Educating remote employees to collaborate smartly - Security teams need to take the lead on educating employees to use remote collaboration tools intelligently. This includes taking simple steps such as enabling multi-factor authentication, ensuring that all meetings are set up with passwords, ensuring sensitive meetings are not labelled with details that could draw an attacker’s attention, using a password manager etc. It is also essential to continuously educate employees on data privacy and the importance of protecting customer information to mitigate the risk of costly incidents, reputational harm, regulatory penalties and strengthen customer trust in the organisation. This knowledge must also be regularly refreshed so that all teams are up to date with the latest requirements.
Managing Concerns on Privacy
Leonard pointed out that AdNovum focuses on three critical organisational pillars which are People, Process and Technology, to enable businesses to manage this task more effectively.

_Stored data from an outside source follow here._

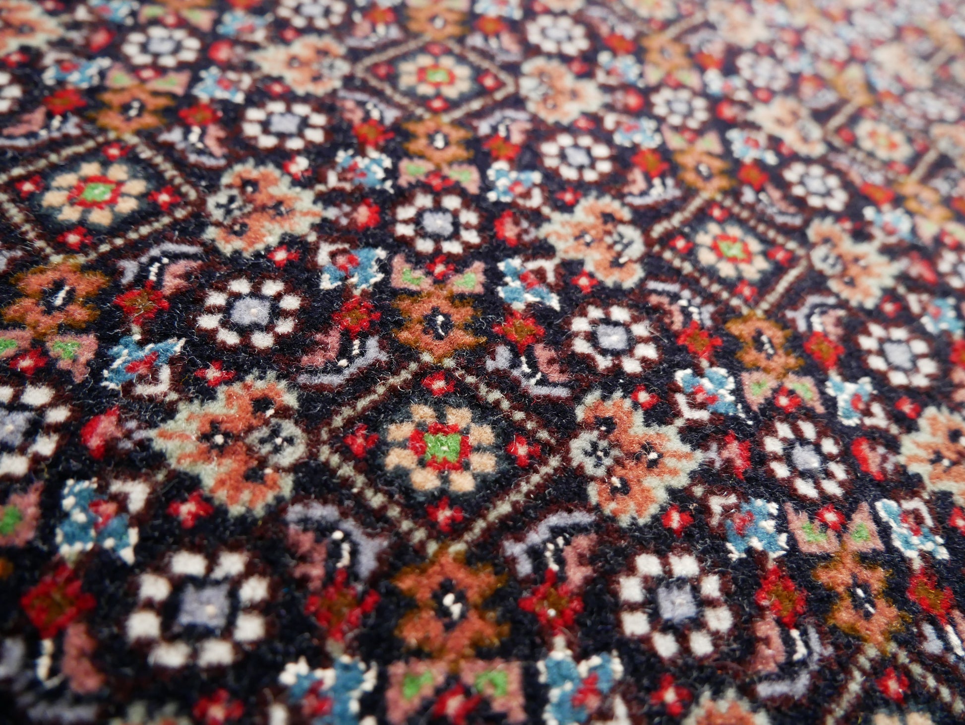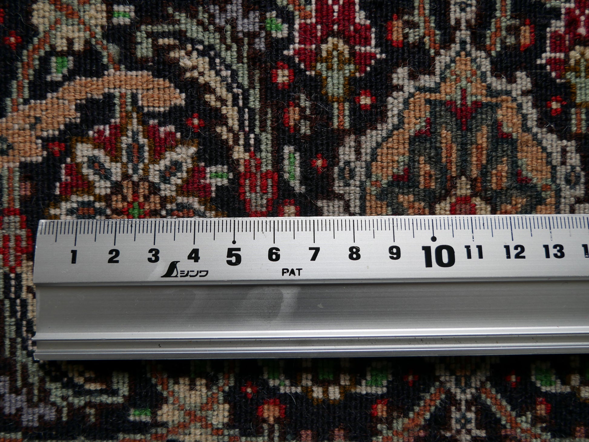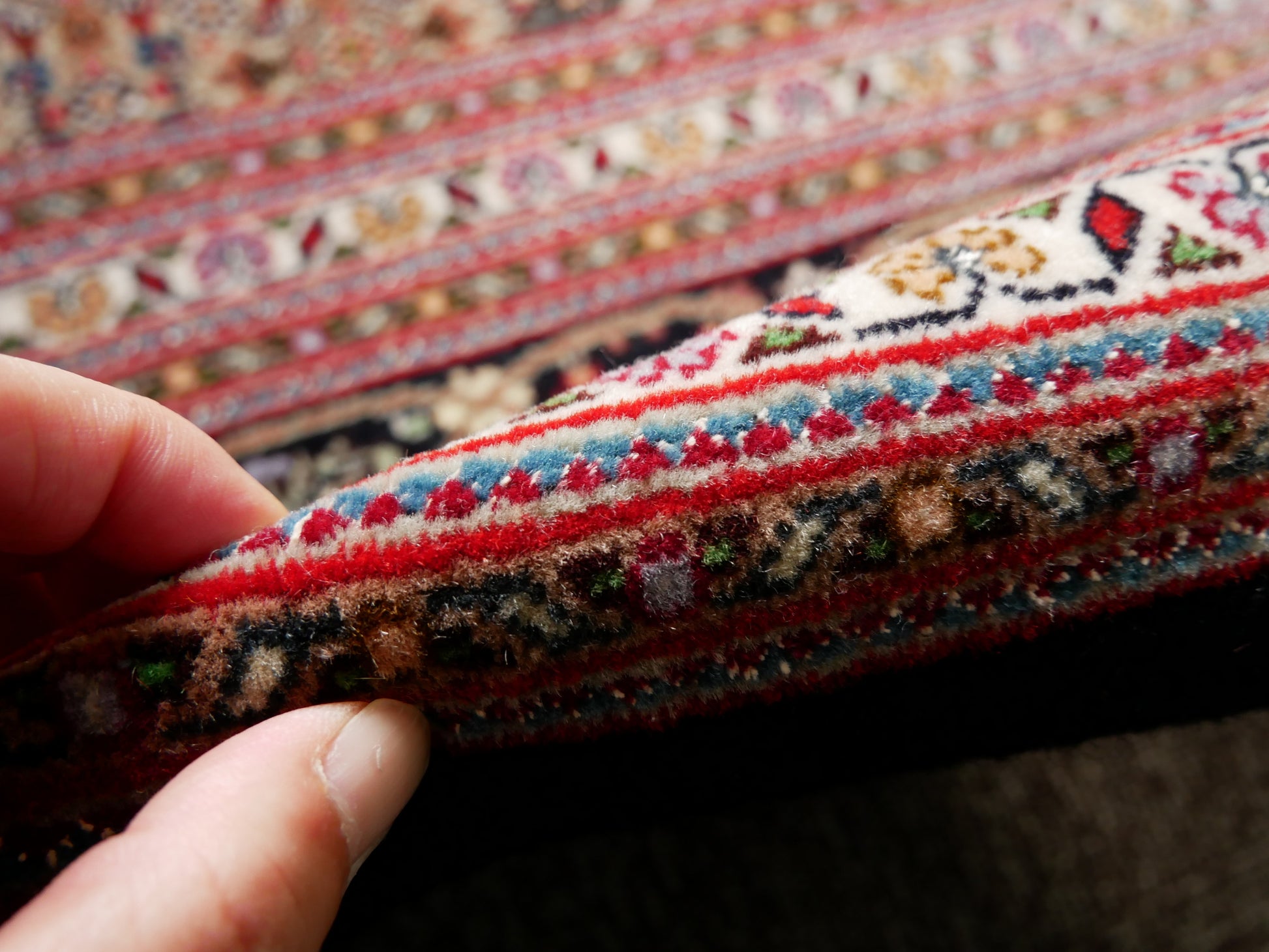 裏側を見てみると、織りの粒の目がとても整っていて緯糸はほぼ見えず、結び目がまるで繋がったビーズのように粒になっています。良いタブリーズ絨毯の特徴です。
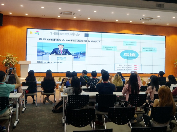 考察团一行首先来到位于桐乡经济开发区的中国·乌镇互联网产业园,听取了关于互联网产业发展情况的介绍,并进行参观体验。据了解,中国·乌镇互联网产业园项目是乌镇互联网创新发展试验区的重要平台,项目总投资约为100亿元。项目采取“一步规划,分步实施”的思路推进,分过渡区、先导区与拓展区三个阶段开发建设。截至目前,在过渡区内办公10家,注册完成的企业共有23家,还有30余个意向项目正在洽谈中。
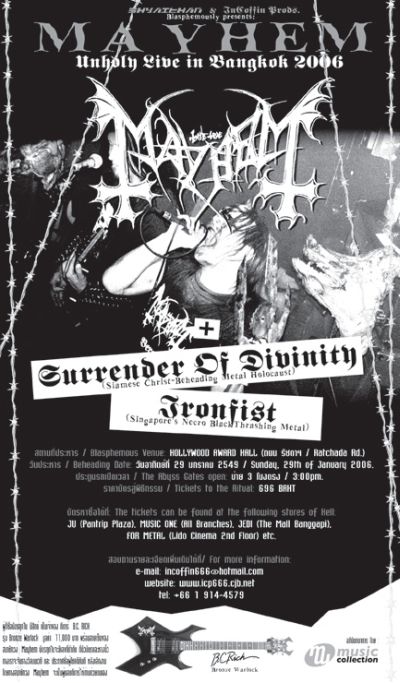 Surrender of Divinity speelde overigens in het voorprogramma, toen Mayhem op 29 januari jl. Bangkok aandeed.
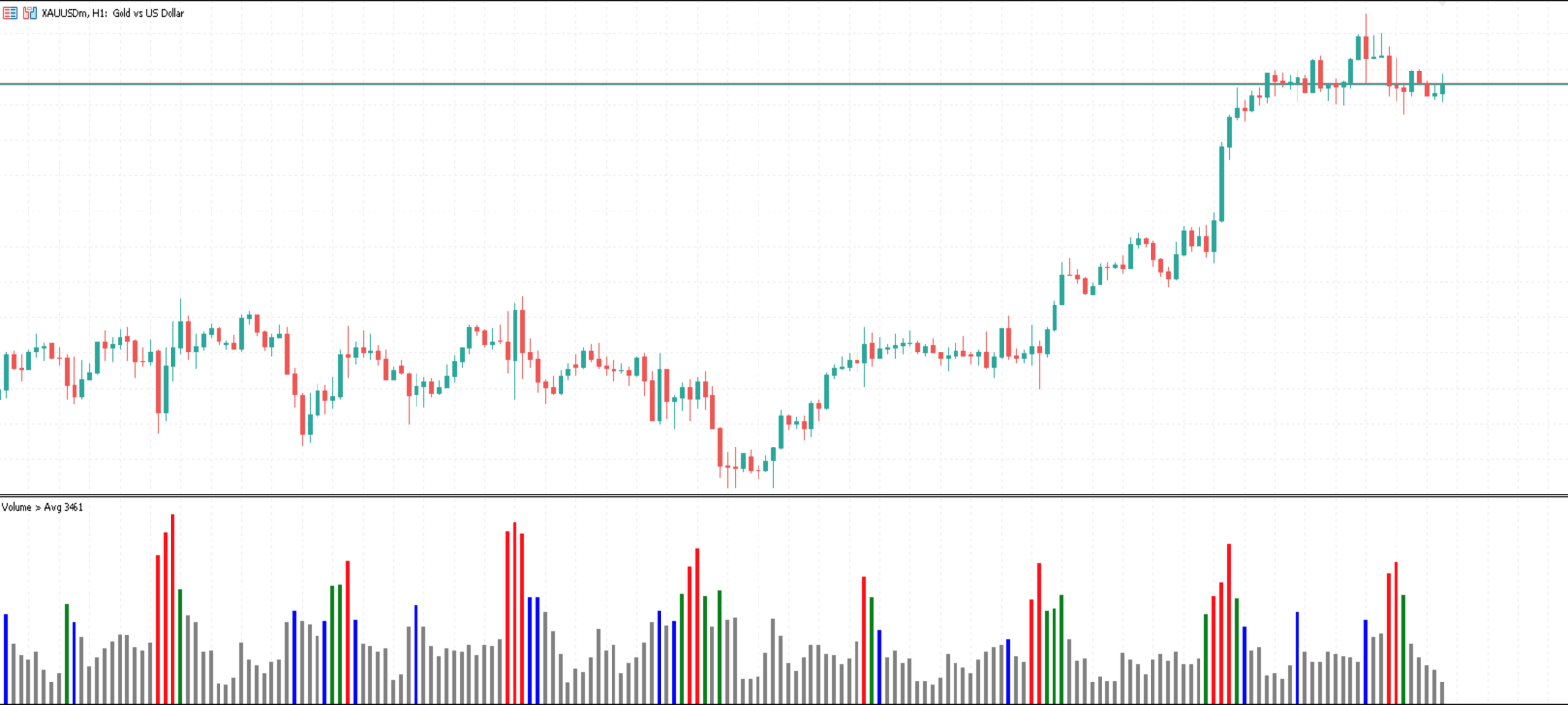 - Gray: Volume below average.
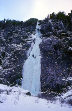Im ersten Augenblick dachte ich das gleiche, doch Josef ist einfach durch nichts aus der Ruhe zu bringen. Er sagte nur in seinem Wildschönauer Dialekt: " Mei i schaugs ma hoit amoi uh. paß auf! es weascht worscheinlich hibsch scheppan und rumpen, a bor zapfn wean scho oicha kugln." Und schon kletterte er mit einer Seelenruhe in das Gewirr von kreuz und quer gewachsenen Eiszapfen. Nicht selten flogen riesige Eisbrocken nur zwei Meter an mir vorbei, ich stand jedoch seitlich durch einen Felsüberhang geschützt. Nach einigen Metern verschwand Josef wieder hinter einer Kante Ich hörte nur das Donnern des Eises, manchmal wurde es ruhig und ich hörte ihn rufen: "Do is vielleicht a bärigs eis! Ned amoi so schwar wias ausgschaug hot! Oba mit 6 muaß mas scho bewertn." Dann kam er wieder in leichteres, aber doch fast senkrechtes Gelände mit kompaktem Eis und in gewohnter Schnelligkeit war das 60 Meter lange Seil auch schon wieder zu Ende und der nervenberuhigende starke Ruck am Seil war auch wieder zu spüren. Ich folgte so schnell ich konnte, denn mittlerweile waren schon einige Stunden vergangen und schließlich mußten wir ja auch noch den ganzen Wasserfall hinunter. Am Anfang brauchte ich noch nicht mit meinen Eisgeräten ins Eis zuschlagen, denn ich konnte die Löcher die Josef hinterließ gut sehen und ich brauchte die Spitze der Eisbeile nur darin einhängen damit ich höher steigen konnte.
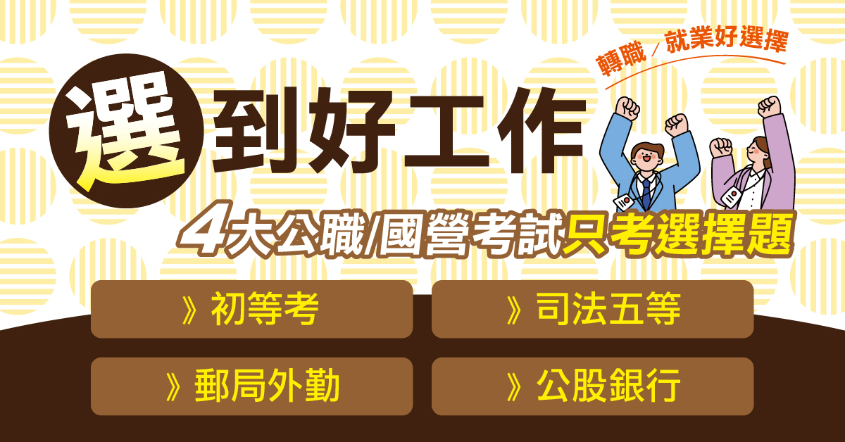高普考|初等考|佐級|地方特考|警察考試(一般)(內軌)|司法考試|國營事業|教師甄試(檢定)|教師資格考|外交特考|身心特考|民航特考|教保員|泛國營事業|地政士|專技高考|專技普考|會計師|記帳士|郵局|鐵路特考|台電|台菸|中油|中鋼|台糖|台灣自來水|社工師|金融基測|消防設備士|不動產經紀人|超級函授|金榜函授|高效函授|超級考試王
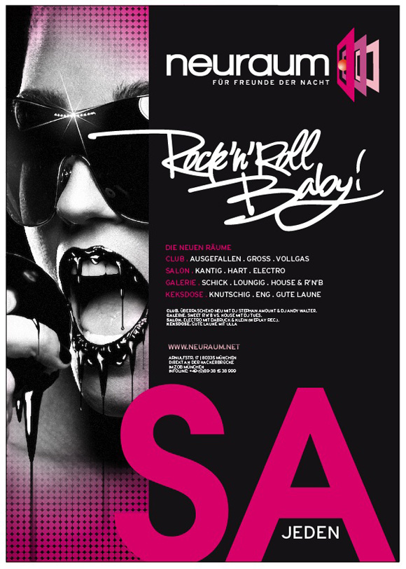 Jeden Samstag werden die Zutaten für eine unvergessliche Nacht ganz nach dem Motto "Rock'n'Roll Baby" neu gemischt: vier Räume, heiße Beats, sexy Mädels und coole Jungs. Für musikalische Abwechslung sorgen die vier Areas: Vom Club, mit seinem wilden und ausgefallenen Sound, über den Salon mit kantig-hartem Electro bis hin zur Galerie, wo dich selected R'n'B erwartet, sorgt zu guter Letzt die knutschig-kuschelige Keksdose für eine legendäre Party. Let's rock… im neuraum.

For People, Leonard said trends such as remote working and bring-your-own-device, coupled with individual variable levels of knowledge about privacy issues, means that educating employees is a crucial aspect of maintaining compliance. Businesses must create and instil privacy- and security-by-design mindset in all their employees – from the intern to the CEO.
“At AdNovum, we inculcate an engineering approach, where privacy is built into our solutions from design to launch and maintenance”.
For Processes, businesses should tailor and implement cybersecurity processes that cater to their size, industry and business goals. They must also have the discipline – and this is not just limited to IT but across all departments – to maintain and follow the processes established.
“We have codified our work processes according to the ten core principles of the AdNovum Developer Guidelines. These include standards for ensuring that security is not an afterthought and that the team works towards a continuous delivery set up”.
And for Technology, one of the techniques that businesses can leverage is a strong Identity and Access Management (IAM) solution. Federated IAM enables seamless customer experiences so that security processes such as login, authentication or preference management do not add friction. Additionally, they allow businesses to secure personal data across public networks and ensure that it is being collected is following the varied and frequently changing privacy regulations across the world. Such technology has been tested and proven through government-led bug bounty programmes and independent security research. In the long run, leveraging such technology can also help businesses manage cost and increase efficiency.
“While AdNovum supports businesses in IAM, our role goes beyond this to being a trusted partner and enabling businesses to master their digital potential and reimagine business models, by unlocking the power of new technology such as blockchain, robotic process automation and machine learning”, stated Leonard.